[THE TASK]: Within the entries below, please return exactly the lines from the one with "沐浴间巧妙打破功能主义的限制" through the one with "1. Дайте сравнительную", leaving out any pictures.

[LISTED RECORDS]:
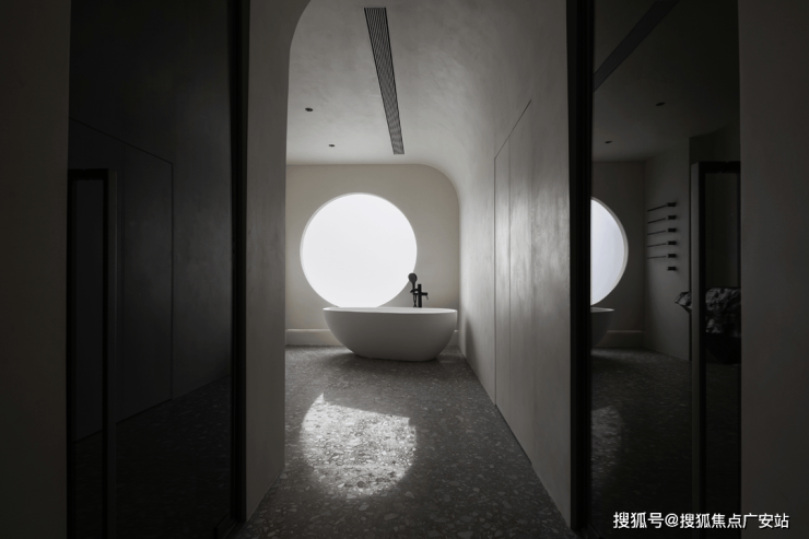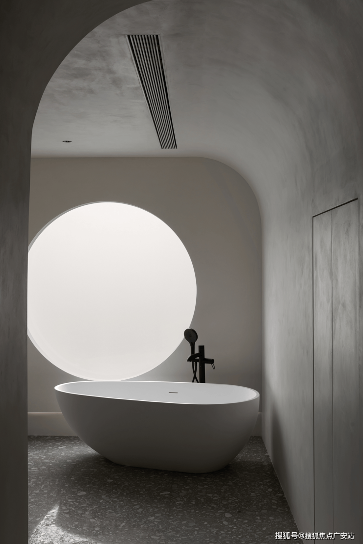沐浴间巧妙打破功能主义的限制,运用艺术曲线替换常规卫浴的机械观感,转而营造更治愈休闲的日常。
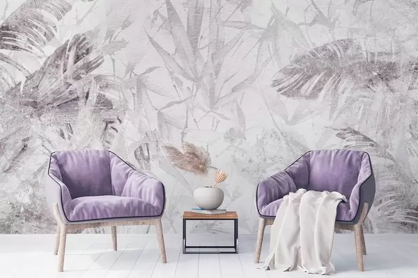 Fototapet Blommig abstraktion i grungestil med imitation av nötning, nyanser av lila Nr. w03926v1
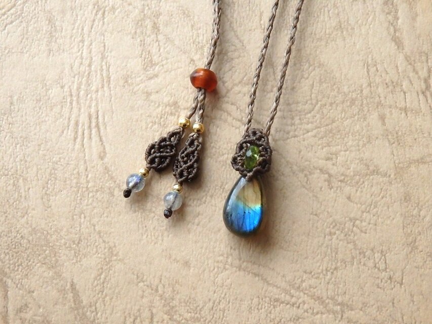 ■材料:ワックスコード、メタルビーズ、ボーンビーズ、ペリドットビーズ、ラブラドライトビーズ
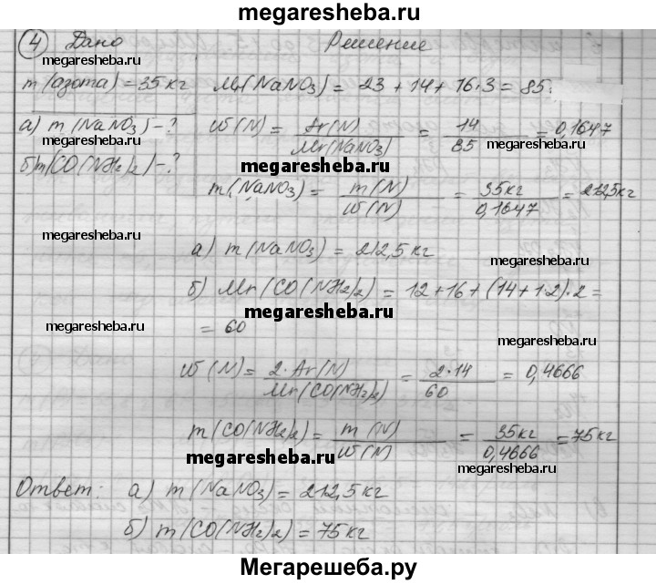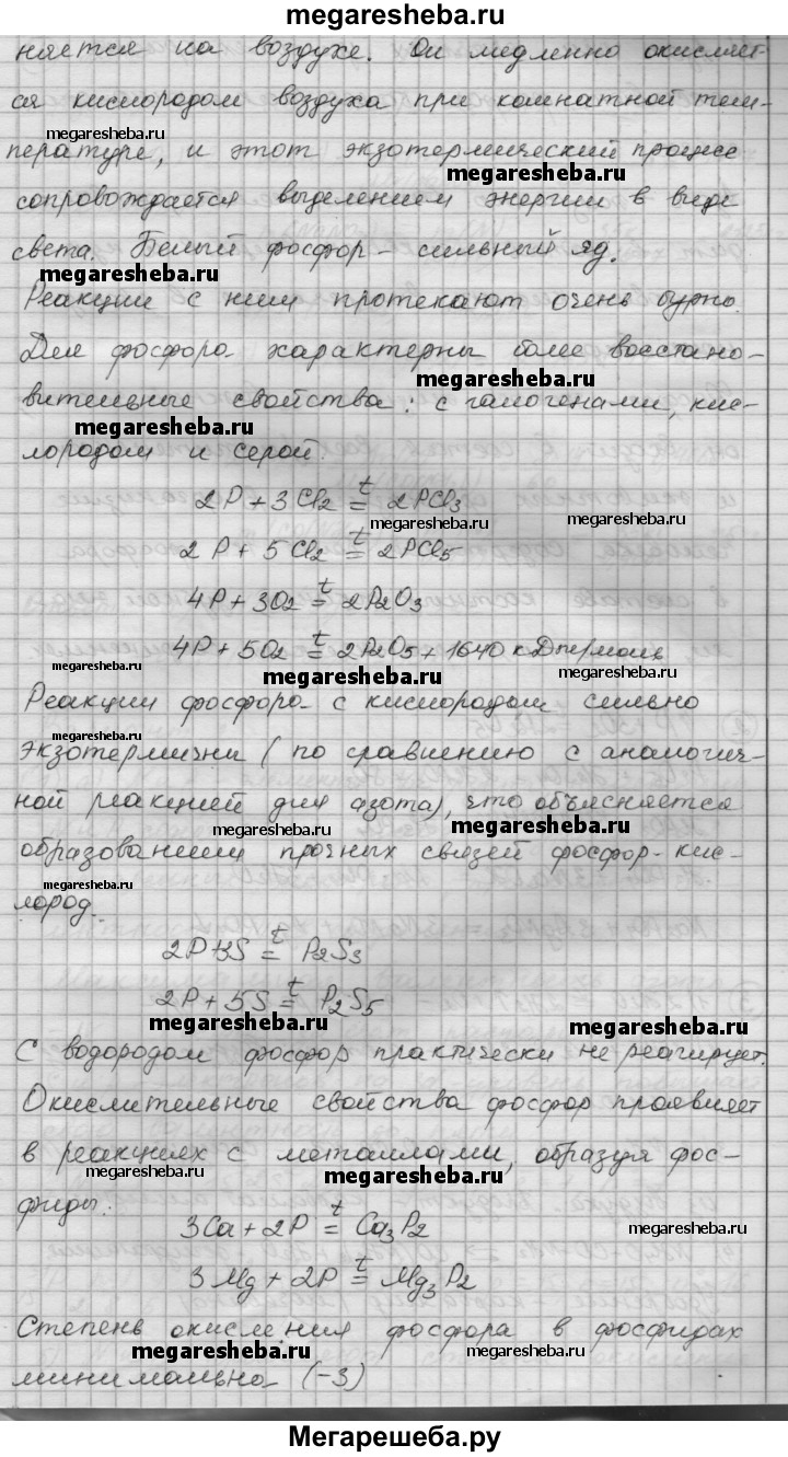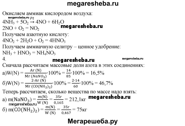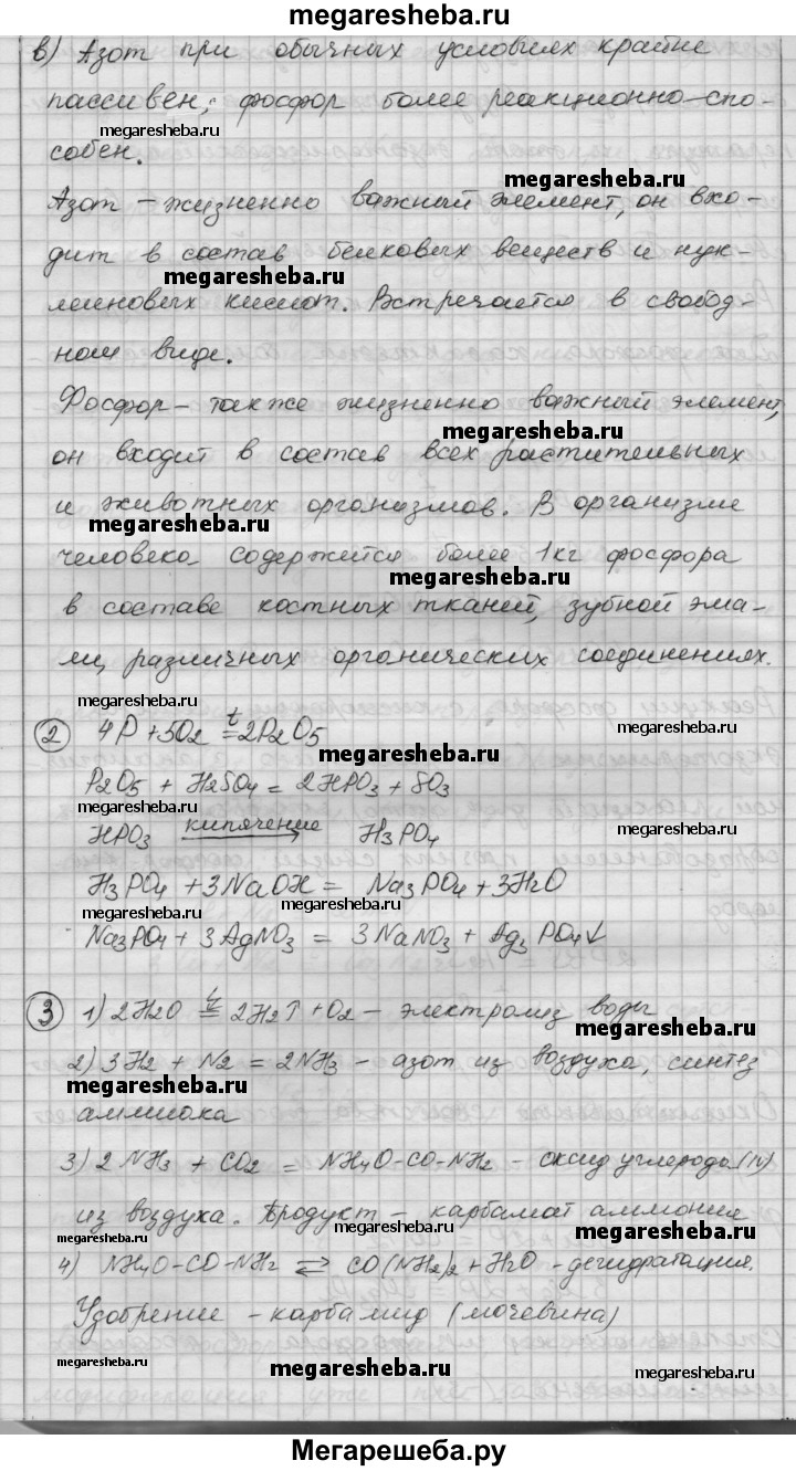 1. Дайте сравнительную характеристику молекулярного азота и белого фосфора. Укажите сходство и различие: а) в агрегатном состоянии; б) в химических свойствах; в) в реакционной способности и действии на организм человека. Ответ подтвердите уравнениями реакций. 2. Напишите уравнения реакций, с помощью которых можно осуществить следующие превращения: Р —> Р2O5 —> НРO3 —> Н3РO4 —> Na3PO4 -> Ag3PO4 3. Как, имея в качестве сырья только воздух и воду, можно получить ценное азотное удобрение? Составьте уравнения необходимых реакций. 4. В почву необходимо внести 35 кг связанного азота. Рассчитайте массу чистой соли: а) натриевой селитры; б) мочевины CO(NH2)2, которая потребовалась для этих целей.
* * *
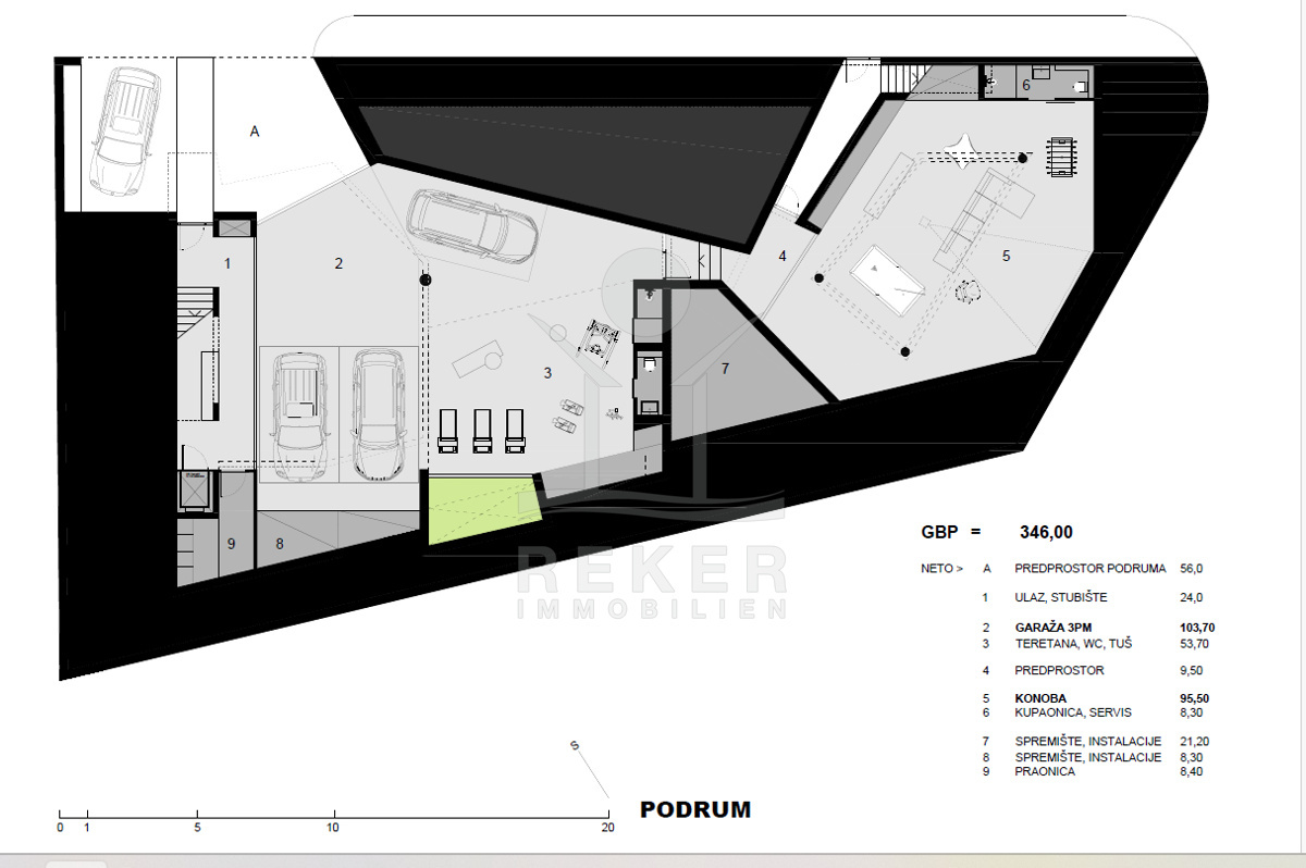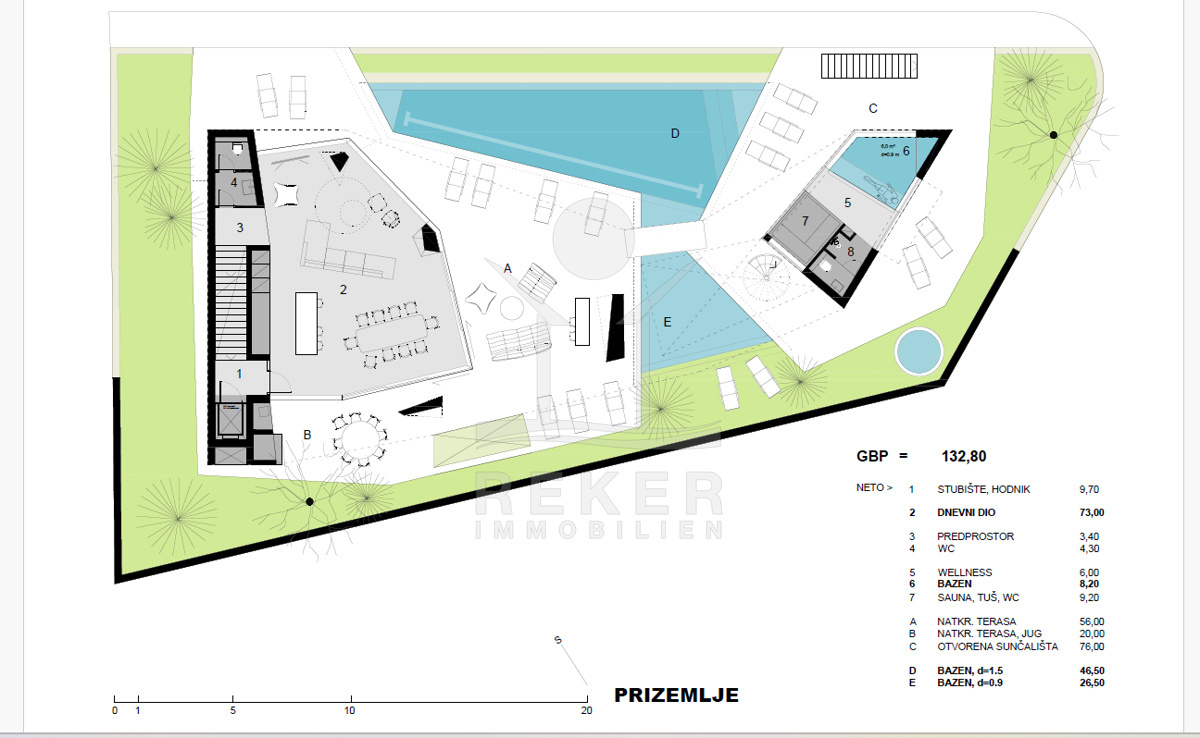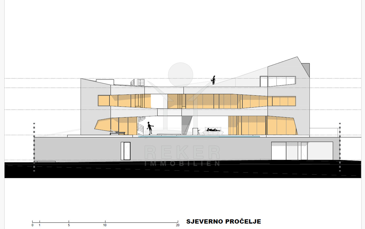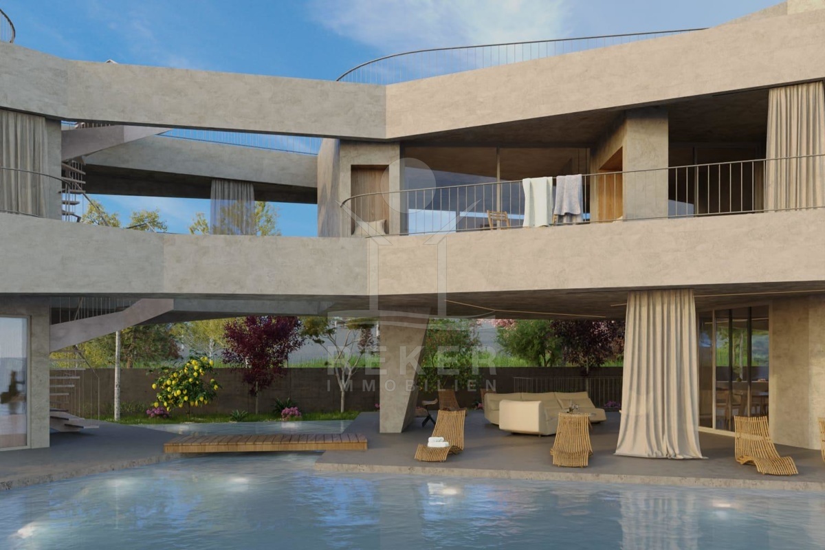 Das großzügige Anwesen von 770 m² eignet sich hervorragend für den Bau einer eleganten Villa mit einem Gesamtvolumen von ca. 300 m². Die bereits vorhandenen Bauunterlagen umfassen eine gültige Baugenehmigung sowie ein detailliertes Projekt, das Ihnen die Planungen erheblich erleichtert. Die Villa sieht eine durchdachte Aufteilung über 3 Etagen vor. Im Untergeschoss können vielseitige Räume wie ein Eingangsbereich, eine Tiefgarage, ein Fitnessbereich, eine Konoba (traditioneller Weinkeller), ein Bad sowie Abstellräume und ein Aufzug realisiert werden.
---
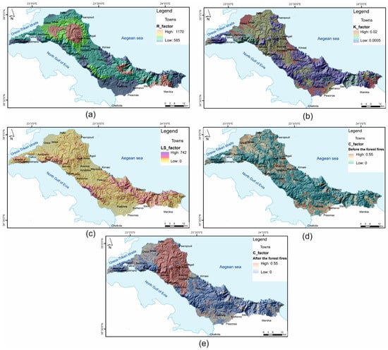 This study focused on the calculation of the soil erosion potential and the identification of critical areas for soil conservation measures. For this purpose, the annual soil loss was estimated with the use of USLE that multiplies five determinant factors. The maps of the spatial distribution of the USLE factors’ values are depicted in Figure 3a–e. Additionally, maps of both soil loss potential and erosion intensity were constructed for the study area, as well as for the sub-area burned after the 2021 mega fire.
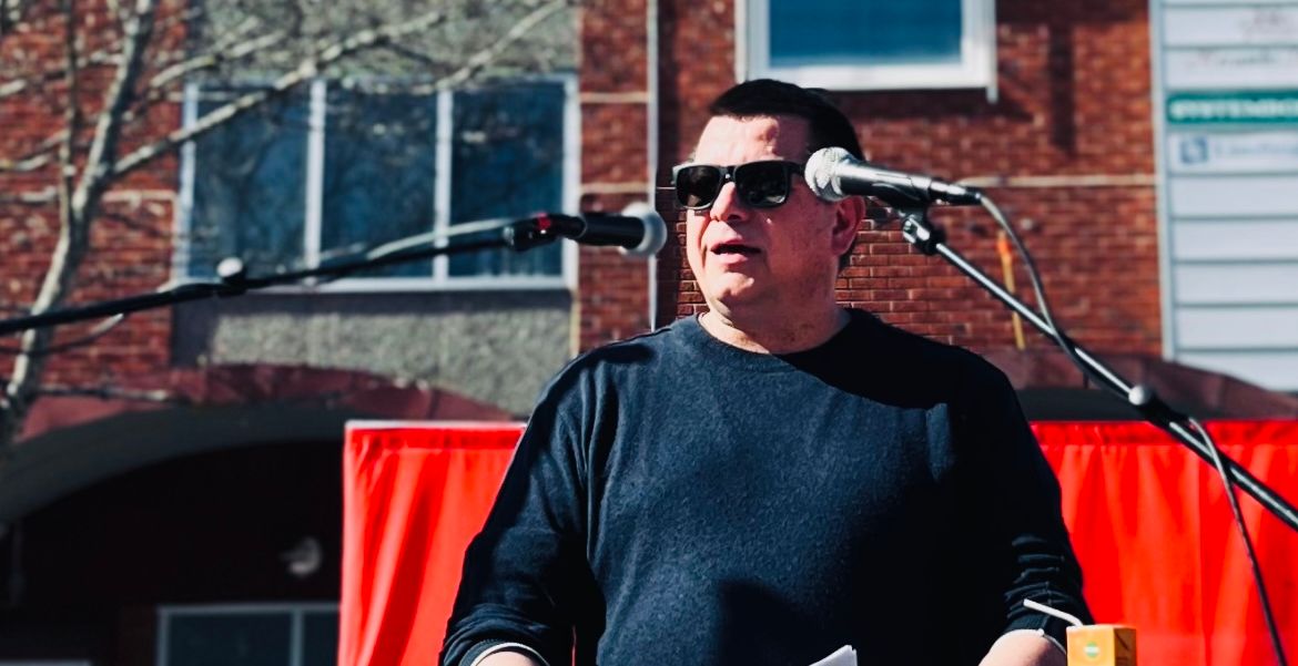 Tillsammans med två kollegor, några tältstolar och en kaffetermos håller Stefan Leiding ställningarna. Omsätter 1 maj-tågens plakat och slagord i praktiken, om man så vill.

[SOLUTION FOR THIS TASK]:
沐浴间巧妙打破功能主义的限制,运用艺术曲线替换常规卫浴的机械观感,转而营造更治愈休闲的日常。
 Fototapet Blommig abstraktion i grungestil med imitation av nötning, nyanser av lila Nr. w03926v1
 ■材料:ワックスコード、メタルビーズ、ボーンビーズ、ペリドットビーズ、ラブラドライトビーズ
 1. Дайте сравнительную характеристику молекулярного азота и белого фосфора. Укажите сходство и различие: а) в агрегатном состоянии; б) в химических свойствах; в) в реакционной способности и действии на организм человека. Ответ подтвердите уравнениями реакций. 2. Напишите уравнения реакций, с помощью которых можно осуществить следующие превращения: Р —> Р2O5 —> НРO3 —> Н3РO4 —> Na3PO4 -> Ag3PO4 3. Как, имея в качестве сырья только воздух и воду, можно получить ценное азотное удобрение? Составьте уравнения необходимых реакций. 4. В почву необходимо внести 35 кг связанного азота. Рассчитайте массу чистой соли: а) натриевой селитры; б) мочевины CO(NH2)2, которая потребовалась для этих целей.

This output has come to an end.